Over the past few decades, limb-preserving surgery has become the best option for treating malignant bone tumours due to advances in neoadjuvant chemotherapy, imaging and surgery. Traditional oncologic surgery may present risks of local recurrence, prosthesis loosening and infection due to incomplete tumour removal or inappropriate prosthesis matching. With the application of 3D printing technology in orthopaedic surgery, it has revolutionised the traditional concept of bone tumour surgery, with its accuracy, stability and safety features making precise tumour resection and personalised reconstruction possible.

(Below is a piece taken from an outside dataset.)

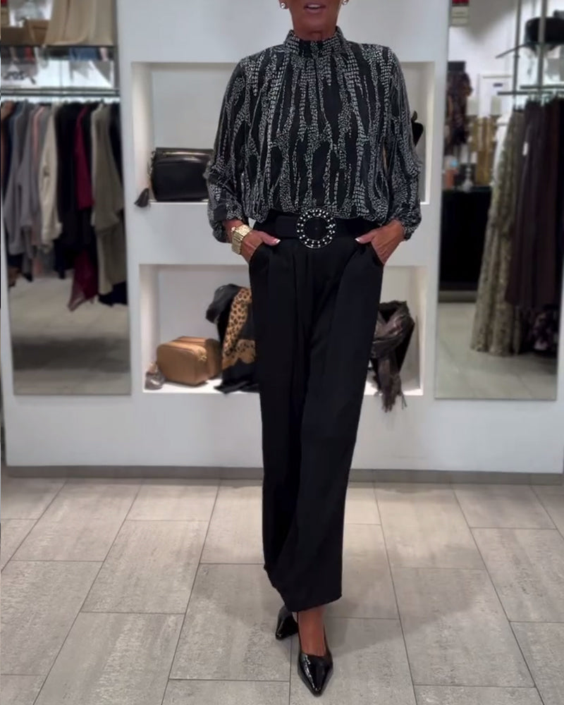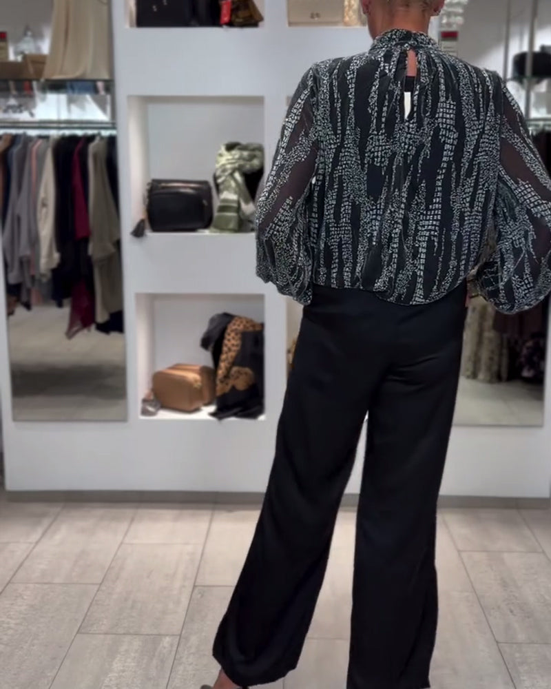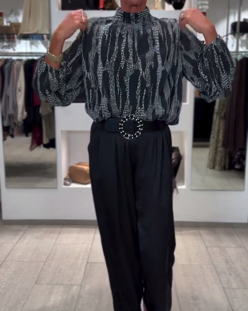 Icon1 Bluse Modisch Halber Stehkragen Gedruckt

3D printing technology, also known as additive manufacturing, is a type of additive manufacturing technology, which is based on a pre-designed shape and is manufactured by continuous layer-by-layer stacking. A growing number of 3D printed products are appearing in various industries and 3D printing technology has been widely used in several clinical disciplines with great success in practice. Commonly used additive manufacturing techniques in orthopaedics include stereolithography, selective laser sintering and fused deposition moulding. Due to the complex anatomy of bone tumours, which often involve important joints, precise tumour removal is required during surgery to avoid damaging critical nerves and blood vessels, and the irregular shape of the defect after tumour removal poses a great challenge for its reconstruction. At present, 3D printing technology has been used throughout the surgical treatment of bone tumours, and combined with the assistance of various digital orthopaedic technologies, it provides patients with precise treatment solutions. This article reviews the progress of the application of 3D printing technology in bone tumour surgery.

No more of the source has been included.